__ABOUT THIS EXERCISE__:
Print a faithful copy of the data below, word for word, with the pictures left out.

__DATASET EXCERPT__:
───

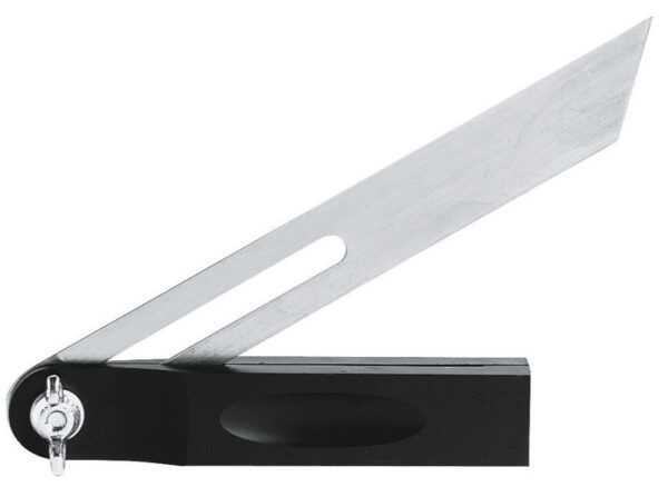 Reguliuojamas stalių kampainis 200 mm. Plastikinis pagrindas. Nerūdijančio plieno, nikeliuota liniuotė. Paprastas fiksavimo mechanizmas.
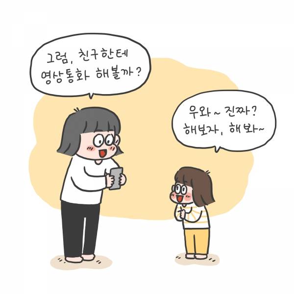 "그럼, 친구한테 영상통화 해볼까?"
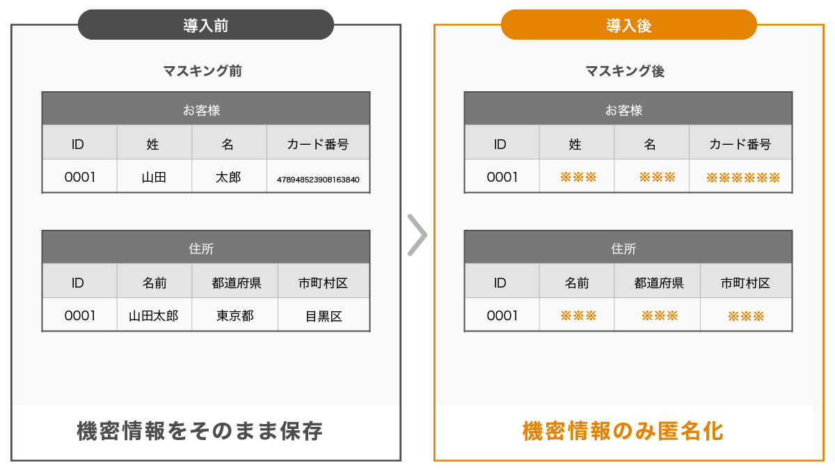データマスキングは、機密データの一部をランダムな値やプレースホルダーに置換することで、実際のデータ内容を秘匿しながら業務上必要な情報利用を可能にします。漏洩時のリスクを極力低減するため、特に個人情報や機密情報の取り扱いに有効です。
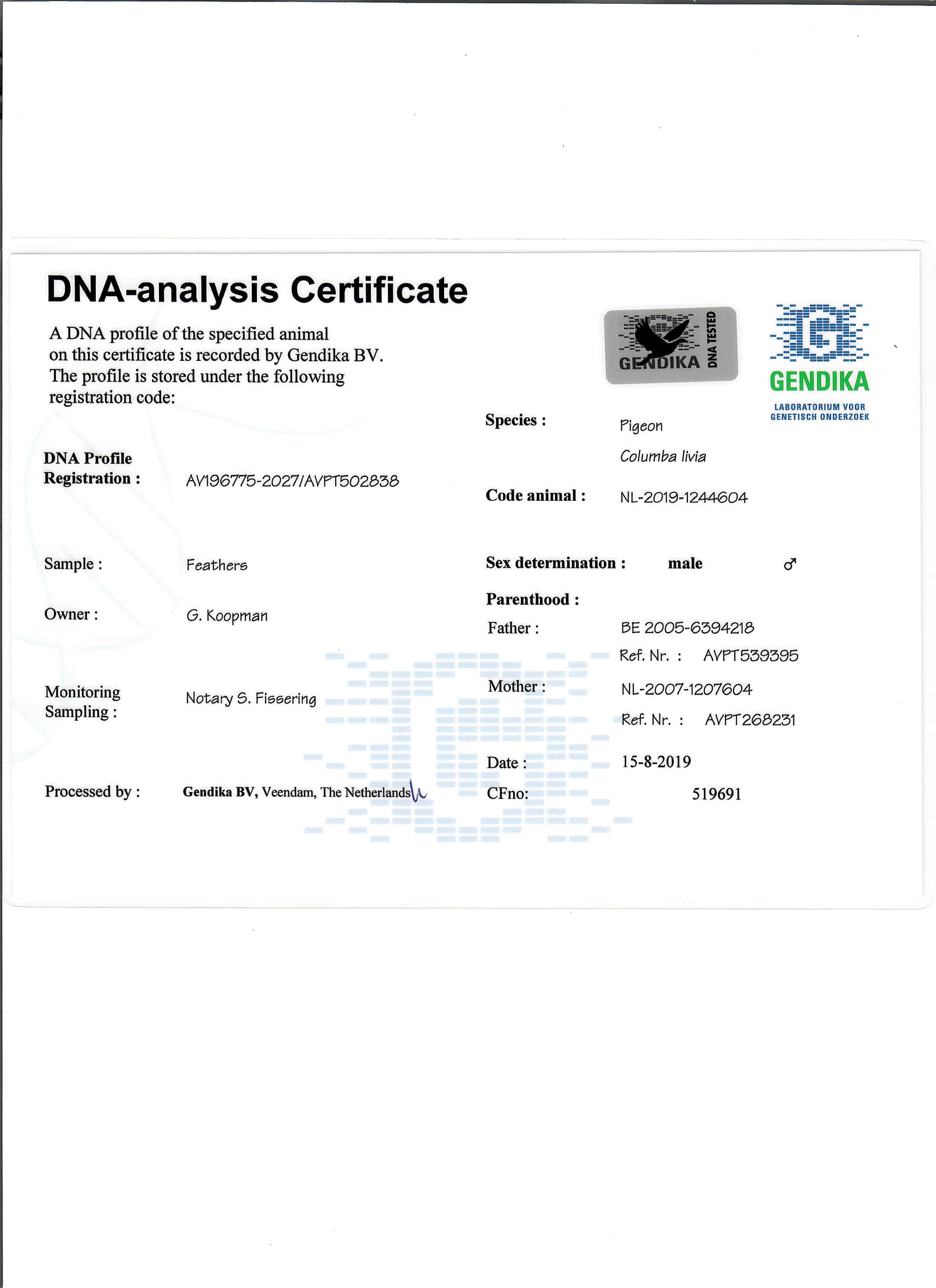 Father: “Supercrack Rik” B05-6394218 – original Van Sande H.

───

__WRITTEN RESPONSE__:
 Reguliuojamas stalių kampainis 200 mm. Plastikinis pagrindas. Nerūdijančio plieno, nikeliuota liniuotė. Paprastas fiksavimo mechanizmas.
 "그럼, 친구한테 영상통화 해볼까?"
データマスキングは、機密データの一部をランダムな値やプレースホルダーに置換することで、実際のデータ内容を秘匿しながら業務上必要な情報利用を可能にします。漏洩時のリスクを極力低減するため、特に個人情報や機密情報の取り扱いに有効です。
 Father: “Supercrack Rik” B05-6394218 – original Van Sande H.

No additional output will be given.